Police Investigating Social Media ‘Predator’

September 18, 2013
BY Marc Shapiro
More than 50 St. Paul’s School for Girls upper-school students contacted

092013_cybercrimeBaltimore County Police are investigating a complaint involving an unknown person who has engaged in sexually explicit video chats with two teenage girls.

The girls, who are students at St. Paul’s School for Girls and live in Reisterstown, reported the incidents to the school, who notified police on Friday, Sept. 13. Officers came to the school and spoke with the girls and their parents.

“A sexual predator has contacted over 50 of our upper-school students. These contacts and encounters are on Facebook, Instagram, Snapchat and Vine,” Penny B. Evins, head of St. Paul’s School for Girls, said in a statement. “This person is calling himself J.P. Smith, Brian Pond, JPL42 and MatLax.”

According to police, one of the girls accepted a “friend” request in the summer of 2012, as well as video chat requests from the suspect. The second girl accepted the request last week. Both told police they viewed explicit messages from the suspect and entered chat rooms where he engaged them in explicit conversation.

Police are trying to identify the suspect, whose age is unknown, and determine if a crime was committed. Police said there is no indication that he made, or tried to make, physical contact with the girls. The suspect’s gender has not been confirmed by police.

Neighboring schools were also notified of the incident, and several emailed parents, including Carver Center for Arts and Technology Principal Karen Steele and Jemicy School Head of School Ben Shifrin. While it is unclear if, and which, students from other schools were contacted, Steele said Carver students could be among that group.

“As we all know, technology opens up wondrous possibilities and opportunities, but with that comes the potential for some to use it for less noble purposes,” Steele said in an email to parents. “Though we would all wish that our students could be completely shielded from the dangers of the world, we also know that is unrealistic.”

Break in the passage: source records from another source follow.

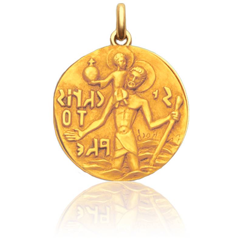 Cette médaille ronde au style primitif en or jaune 750/1000 (18K) représente Saint Christophe et l'Enfant Jésus.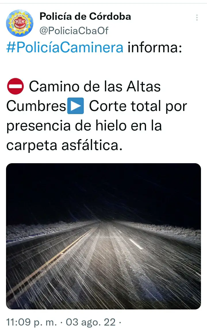 Desde la Policía Caminera informaron que el camino de las Altas Cumbres se encuentra totalmente cortado por presencia de hielo en la carpeta asfáltica.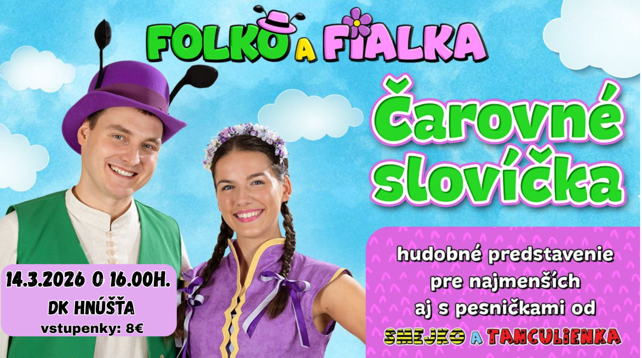 Ahojte chrobáčikovia, sme nová spievajúca dvojica Folko a Fialka! Mravček Folko, ktorý rád tancuje a víla Fialka, ktorá rada spieva. Prichádzame k vám s naším prvým predstavením, ktoré sa volá Čarovné slovíčka.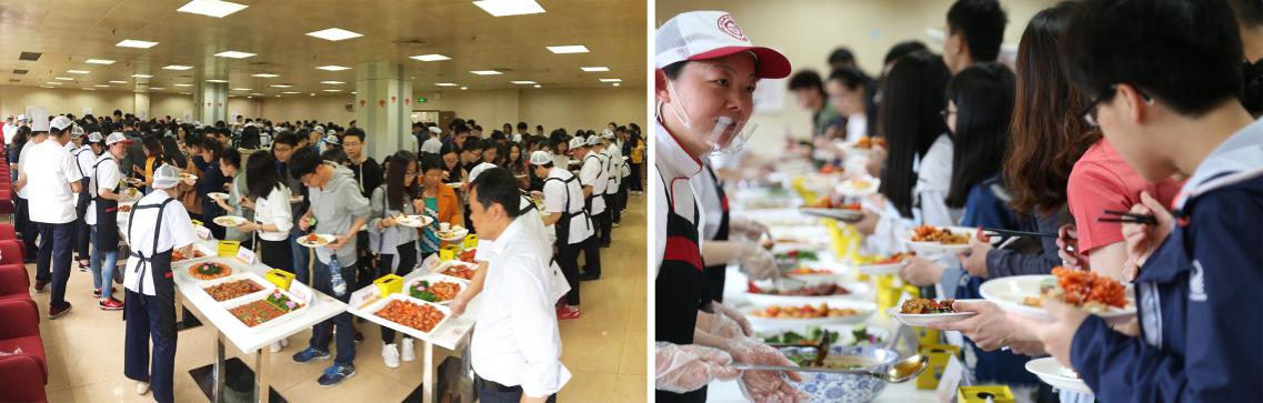 在美食文化节前期,活动主办方在微信上发起了征集最喜爱的家乡菜的活动,饮食服务集团根据同学们的留言,精心定制了来自全国34个省份(区、直辖市)的68道特色美食菜单。活动筹备期间,饮食服务集团动员所有食堂认真学习改进供应菜品的烹饪技术,以饱满的精神状态迎接美食文化节的到来。各食堂大厨们挽袖掌勺、钻研苦练,为美食文化节的如期举行做好充分准备。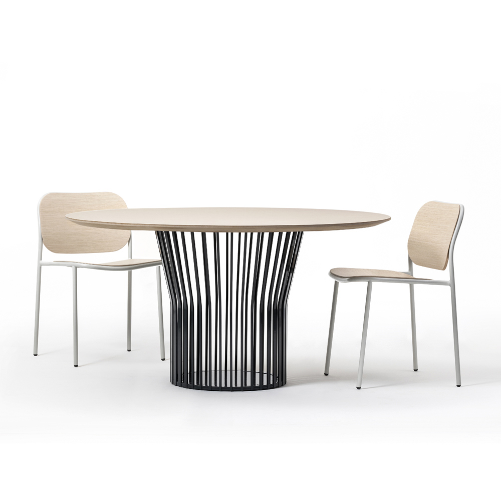 design originale e dinamico composto da tanti raggi di larghezze differenti che si piegano verso l'esterno nella parte superiore aprendosi poi per sostenere il piano. Il risultato è un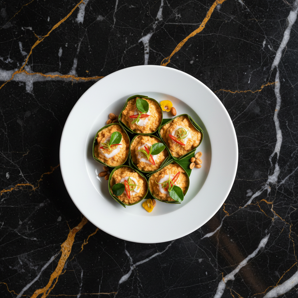 Amok Trey is a celebrated Cambodian dish, often considered the national dish, featuring tender pieces of fish gently steamed in a fragrant coconut milk curry sauce infused with kroeung (a traditional Khmer spice paste). The mixture is typically steamed in banana leaf cups, giving it a delicate, mousse-like texture. It's a harmonious blend of savory, slightly sweet, and aromatic flavors.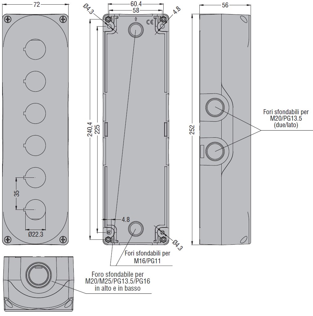 Diametro delle aperture - 22 mm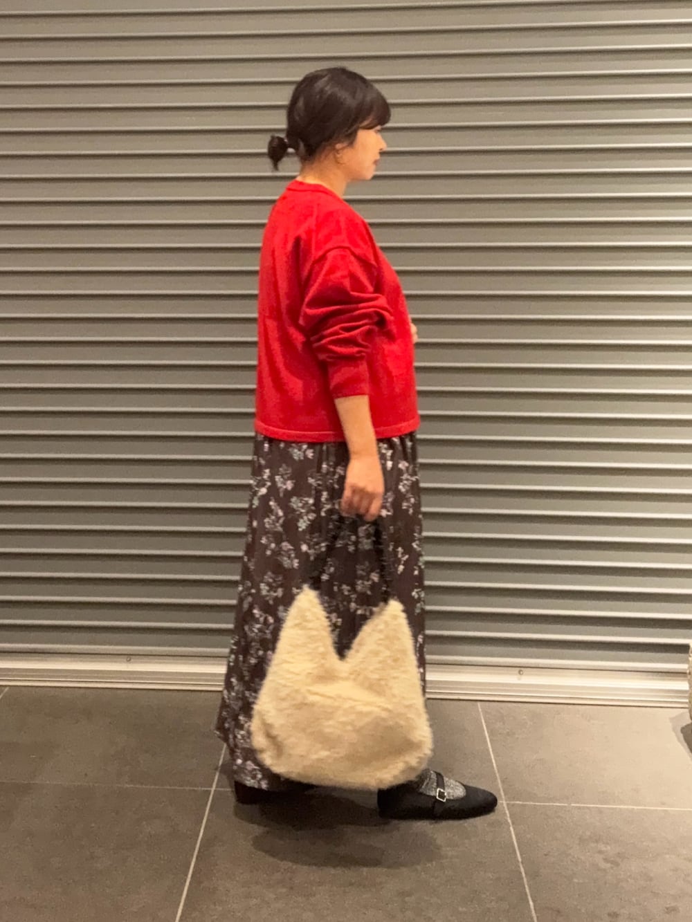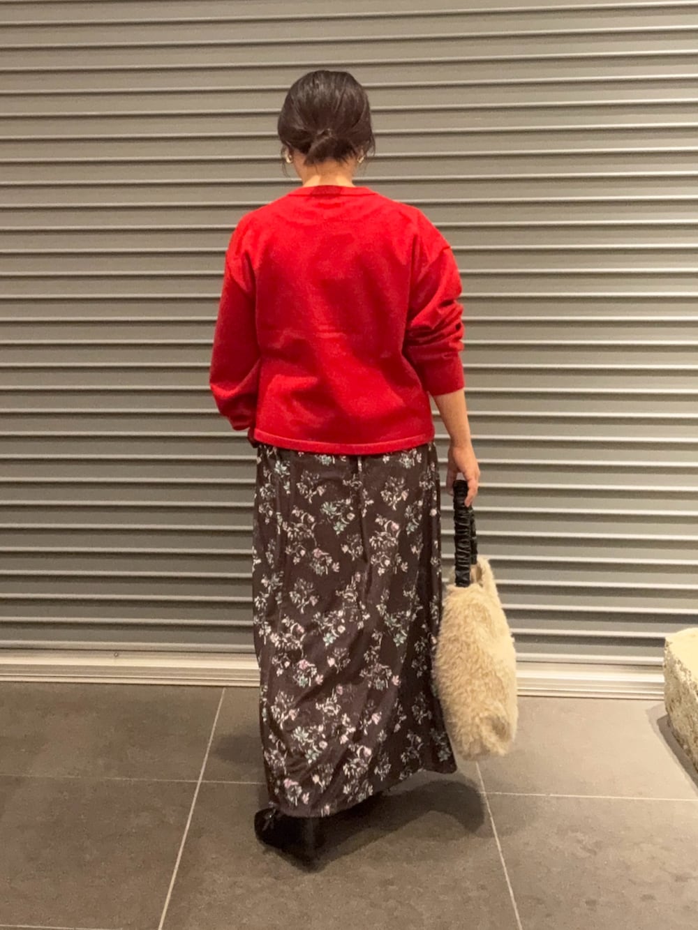 ベロアスカートは上品なフラワープリントが秋冬コーデのポイント使いに。ウエストも総ゴムでストレスフリーです。

She called it a “teachable moment” and encouraged parents to discuss the incident with their students.

Nancy Aiken, director of CHANA (Counseling, Helpline and Aid Network for Abused Women), said it’s important that the students know they didn’t do anything wrong.

“I give the students credit primarily, but I also give the school credit that they were seen as a safe place for students to tell,” she said.

It’s important that parents and faculty respond to any kind of “grooming,” the process in which predators set the stage for a sexual encounter, as early as possible, Aiken said.

Police advise children not to accept “friend” requests from strangers, open email from strangers or engage in video chats with strangers. They also recommend that parents use social media privacy settings on their children’s social networks.

Evins’ letter had similar advice and also recommended students not post anything inappropriate on social
networks.

“Our most important job as educators and parents is keeping our children safe,” Evins said in an emailed statement.

According to the email from Jemicy School’s Shifrin, some students at Garrison Forest School reported being followed in Instagram and Snapchat by a user with the name EMJAMLI, who is commenting on their pictures.

In a separate incident, an unidentified woman tried to lure a Bais Yaakov middle school student into her car at a bus stop on Thursday, Sept. 12. The student ignored the woman, ran home and told her parents, who notified Shomrim and Baltimore County Police, according to an email from the school.

“We do not know if the person knew that this was a time when Bais Yaakov students would be getting off the bus on the way home or if they just happened to be there,” the email said. “Either way, parents are advised to direct their children how to respond if such a situation should ever arise in the future.”